My textbook, Introduction to Probability, Second Edition, by Blitzstein and Hwang, says the following:
Theorem 10.1.1 (Cauchy-Schwarz). For any r.v.s $X$ and $Y$ with finite variances,
$$|E(XY)| \le \sqrt{E(X^2)E(Y^2)}.$$
Proof. For any $t$,
$$0 \le E(Y – tX)^2 = E(Y^2) – 2tE(XY) + t^2E(X^2).$$
Where did $t$ come from? The idea is to introduce $t$ so that we have infinitely many inequalities, one for each value of $t$, and then we can use calculus to find the value of $t$ that gives us the best inequality. Differentiating the right-hand side with respect to $t$ and setting it equal to $0$, we get that $t = E(XY)/E(X^2)$ minimizes the right-hand side, resulting in the tightest bound. Plugging in this value of $t$ we have the Cauchy-Schwarz inequality.

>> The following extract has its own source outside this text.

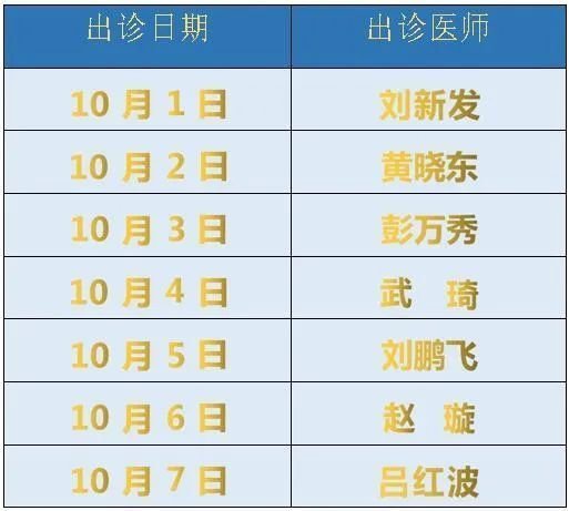 国庆长假期间我院急诊全天正常开诊,现将具体出诊医师信息安排通知如下:

I substituted $t = E(XY)/E(X^2)$ as follows:
$$0 \le E(Y^2) – 2\left[ \dfrac{E(XY)}{E(X^2)}\right]E(XY) + \left[ \dfrac{E(XY)}{E(X^2)} \right]^2 E(X^2)$$
$$\begin{align} E(Y^2) – 2\left[ \dfrac{E(XY)}{E(X^2)}\right]E(XY) + \left[ \dfrac{E(XY)}{E(X^2)} \right]^2 E(X^2) &= E(Y^2) – 2\dfrac{E(XY)^2}{E(X^2)} + \dfrac{E(XY)^2}{E(X^2)} \\ &= E(Y^2) – \dfrac{E(XY)}{E(X^2)} \end{align}$$
$$\Rightarrow E(XY) \le E(Y^2)E(X^2)$$
I'm confused as to why I didn't get $|E(XY)| \le \sqrt{E(X^2)E(Y^2)}$? Did I make an error that I missed?
I would greatly appreciate it if people would please take the time to clarify this.
Best Answer
In your penultimate step, $E(XY)^2$ was mistakenly replaced with $E(XY)$.